**DIRECTIONS:** Pictures aside, the data must be reproduced exactly.

**DATA EXCERPT:**
========================

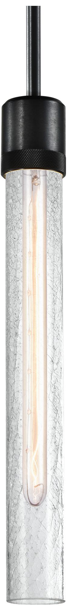 Zigrina 3" E26 Cylindrical Pendant, 18" Crackled Glass and Black
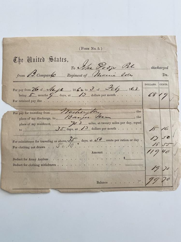 United States Civil War Payment Invoice. 1863. 7x8 inches
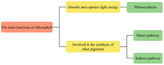 Chlorophyll acts as the central pigment of photosynthesis and drives the process of photosynthesis. During photosynthesis, chlorophyll accepts the energy and transfers it to other pigments, such as carotenoids and lutein. These pigments then pass the energy to reaction centers, which are crucial in converting carbon dioxide and water into organic matter through photosynthesis. Chlorophyll can also participate in the synthesis of other pigments. For example, in the synthesis of carotenoids, chlorophyll is involved as an intermediate in the process of their synthesis [19]. However, the mechanism of chlorophyll involvement in the synthesis of other pigments may vary for different species of microalgae. In Spirulina, there are two main pathways in which chlorophyll is involved in the synthesis of carotenoids: direct and indirect. The direct pathway refers to the fact that chlorophyll participates in its synthesis by binding directly to carotenoids; the porphyrin ring in the chlorophyll molecule can combine with a hydrocarbon chain in the carotenoid molecule to form the chlorophyll-carotenoid complex [20]. This complex can be further converted into other types of carotenoids, such as β-carotene and lutein. The indirect pathway refers to the synthesis of other intermediate products, such as fatty acids and cholesterol by chlorophyll, which are then involved in the synthesis of carotenoids. The chlorophyll a in Spirulina maxima can be involved in the regulation of lipogenesis pathway enzyme, and inhibit lipid accumulation [21]. The function role of chlorophylls is shown in Figure 3.

========================

**EXERCISE RESPONSE:**
 Zigrina 3" E26 Cylindrical Pendant, 18" Crackled Glass and Black
 United States Civil War Payment Invoice. 1863. 7x8 inches
 Chlorophyll acts as the central pigment of photosynthesis and drives the process of photosynthesis. During photosynthesis, chlorophyll accepts the energy and transfers it to other pigments, such as carotenoids and lutein. These pigments then pass the energy to reaction centers, which are crucial in converting carbon dioxide and water into organic matter through photosynthesis. Chlorophyll can also participate in the synthesis of other pigments. For example, in the synthesis of carotenoids, chlorophyll is involved as an intermediate in the process of their synthesis [19]. However, the mechanism of chlorophyll involvement in the synthesis of other pigments may vary for different species of microalgae. In Spirulina, there are two main pathways in which chlorophyll is involved in the synthesis of carotenoids: direct and indirect. The direct pathway refers to the fact that chlorophyll participates in its synthesis by binding directly to carotenoids; the porphyrin ring in the chlorophyll molecule can combine with a hydrocarbon chain in the carotenoid molecule to form the chlorophyll-carotenoid complex [20]. This complex can be further converted into other types of carotenoids, such as β-carotene and lutein. The indirect pathway refers to the synthesis of other intermediate products, such as fatty acids and cholesterol by chlorophyll, which are then involved in the synthesis of carotenoids. The chlorophyll a in Spirulina maxima can be involved in the regulation of lipogenesis pathway enzyme, and inhibit lipid accumulation [21]. The function role of chlorophylls is shown in Figure 3.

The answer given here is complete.